Dans le même sens, CIH Bank continue sur sa lancée avec une hausse de 24,4%, au-dessus du milliard de dirhams. Ensuite, CDM progresse de 16,6%, BMCI de 33,7%, et surtout CFG qui affiche +41,2%. Quant au Crédit Agricole, il est quasiment stable (+1,9%), ce qui tranche avec le reste du secteur.

Une amélioration portée par tous les leviers

Cette progression ne vient pas d’un seul facteur. La marge d’intérêt, les commissions et les activités de marché sont toutes en hausse (+7,6%, +6,6% et +0,8%). Donc l’activité est bien orientée dans l’ensemble.

Mais surtout, les banques ont continué à maîtriser leurs charges et à améliorer le coût du risque, qui recule de 6,5%. Et c’est ce qui fait vraiment la différence au niveau du résultat net.

Par ailleurs, les autres indicateurs des banques confirment cette dynamique. Le produit net bancaire cumulé atteint plus de 100 MMDH en 2025, en progression par rapport à 2024, avec une croissance généralisée sur l’ensemble du secteur. Les trois grandes banques, Attijariwafa bank, BCP et Bank of Africa, concentrent à elles seules près de 80% du PNB, ce qui confirme le poids structurel des leaders dans la formation des revenus.

Dans le même temps, les crédits poursuivent leur progression, avec un encours global qui dépasse 1.400 MMDH, tiré notamment par les financements à l’équipement. Les dépôts suivent la même tendance, atteignant près de 1.600 MMDH, avec une hausse portée en grande partie par les ressources à vue, moins coûteuses, ce qui soutient directement les marges des banques.

Au final, ce sont l’ensemble des fondamentaux qui s’améliorent, avec une activité en hausse, une base de ressources plus favorable et un environnement de taux qui reste globalement porteur, venant consolider la progression des bénéfices en 2025.

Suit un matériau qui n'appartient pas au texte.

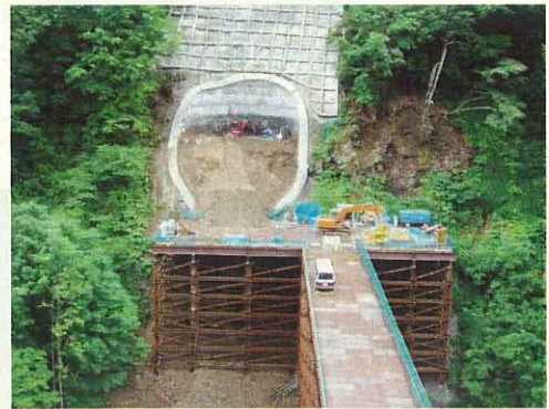
(仮栈橋からP1(奥), P2(手前)を望む) (P3竹割り型構造物掘削施工状況)

* 工事現場の案内も受け付けております。希望する方はお気軽に下記まで電話でお申し込み下さい。

Une dynamique portée par un environnement macro favorable

Au-delà des performances individuelles, la progression des bénéfices en 2025 s’inscrit aussi dans un environnement macroéconomique globalement favorable. L’économie nationale a évolué dans un cadre plus porteur, soutenue par l’action des pouvoirs publics et un contexte monétaire accommodant. Malgré les chocs accumulés ces dernières années, la croissance est restée solide, notamment grâce à la bonne tenue des secteurs non agricoles, tandis qu’un redressement de l’activité agricole est attendu.

Dans le même temps, l’inflation est restée maîtrisée, ce qui a permis de maintenir des conditions de financement relativement attractives. Or, ce point joue directement sur la dynamique du crédit et de l’investissement. Ainsi, les banques ont évolué dans un contexte plus favorable, avec des ressources en hausse tirées par les dépôts à vue et l’épargne, et une progression des crédits à l’économie, notamment sur l’équipement, l’immobilier et la consommation.

Dans ce cadre, l’amélioration des résultats du secteur apparaît moins comme un simple effet conjoncturel que comme le reflet d’un environnement globalement plus porteur pour l’activité bancaire.